WORK REQUEST — From the first line to the last, print the records exactly, leaving out the pictures.

INPUT DATA section start

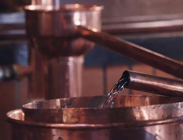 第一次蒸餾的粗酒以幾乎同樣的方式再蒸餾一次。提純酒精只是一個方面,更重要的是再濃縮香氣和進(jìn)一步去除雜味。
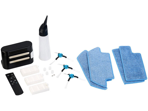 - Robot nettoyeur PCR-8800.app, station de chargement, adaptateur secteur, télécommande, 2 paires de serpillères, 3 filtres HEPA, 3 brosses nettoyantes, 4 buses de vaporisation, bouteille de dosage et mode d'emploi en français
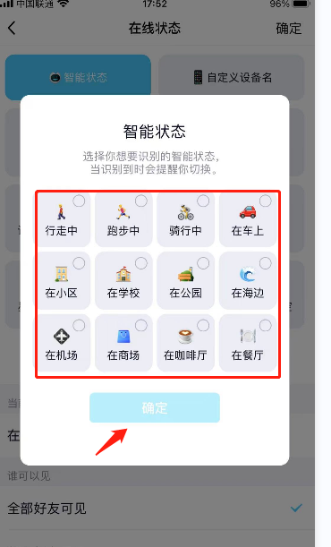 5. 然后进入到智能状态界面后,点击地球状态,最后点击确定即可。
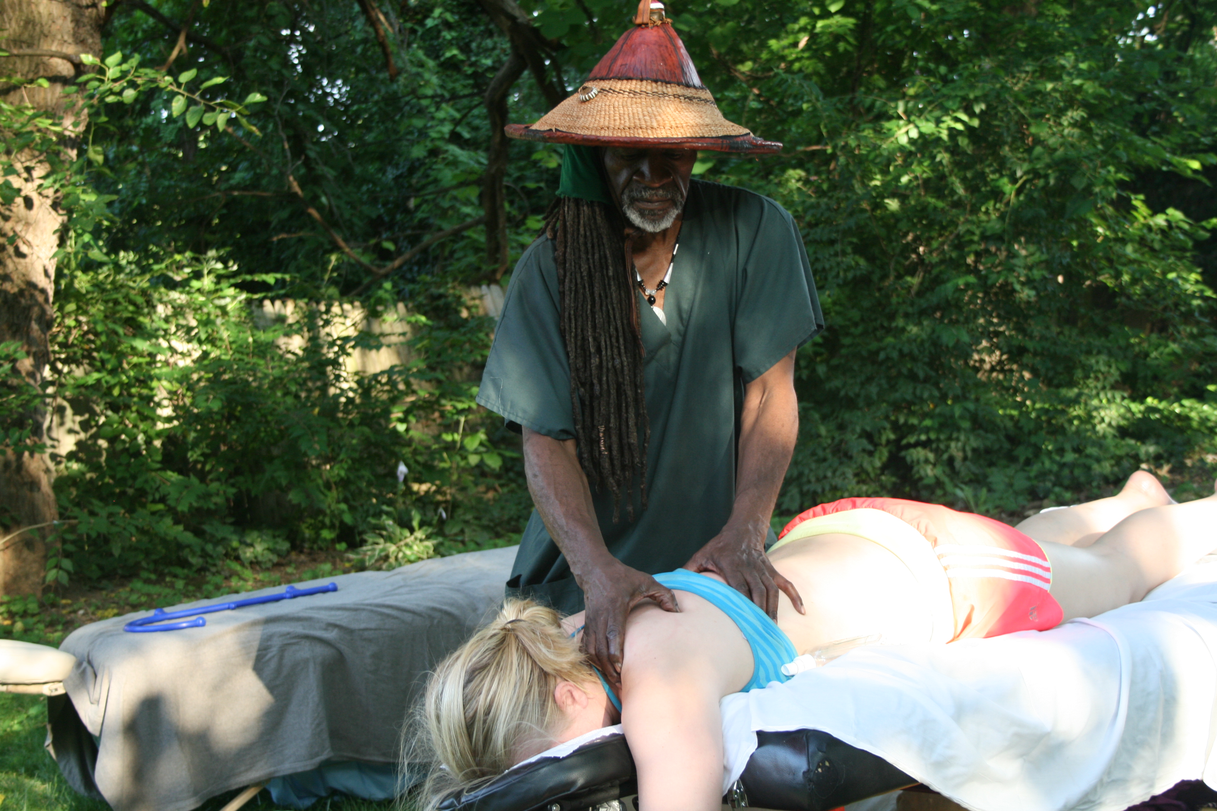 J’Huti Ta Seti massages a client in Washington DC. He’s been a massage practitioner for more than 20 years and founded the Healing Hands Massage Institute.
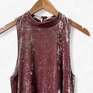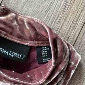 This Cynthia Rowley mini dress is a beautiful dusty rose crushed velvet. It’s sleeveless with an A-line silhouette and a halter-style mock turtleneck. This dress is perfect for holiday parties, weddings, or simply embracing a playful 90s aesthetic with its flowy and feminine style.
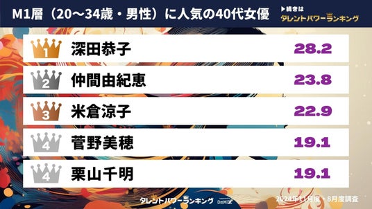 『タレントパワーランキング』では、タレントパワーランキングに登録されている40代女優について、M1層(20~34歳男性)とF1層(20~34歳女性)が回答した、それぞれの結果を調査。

INPUT DATA section end

RESPONSE —
 第一次蒸餾的粗酒以幾乎同樣的方式再蒸餾一次。提純酒精只是一個方面,更重要的是再濃縮香氣和進(jìn)一步去除雜味。
 - Robot nettoyeur PCR-8800.app, station de chargement, adaptateur secteur, télécommande, 2 paires de serpillères, 3 filtres HEPA, 3 brosses nettoyantes, 4 buses de vaporisation, bouteille de dosage et mode d'emploi en français
 5. 然后进入到智能状态界面后,点击地球状态,最后点击确定即可。
 J’Huti Ta Seti massages a client in Washington DC. He’s been a massage practitioner for more than 20 years and founded the Healing Hands Massage Institute.
 This Cynthia Rowley mini dress is a beautiful dusty rose crushed velvet. It’s sleeveless with an A-line silhouette and a halter-style mock turtleneck. This dress is perfect for holiday parties, weddings, or simply embracing a playful 90s aesthetic with its flowy and feminine style.
 『タレントパワーランキング』では、タレントパワーランキングに登録されている40代女優について、M1層(20~34歳男性)とF1層(20~34歳女性)が回答した、それぞれの結果を調査。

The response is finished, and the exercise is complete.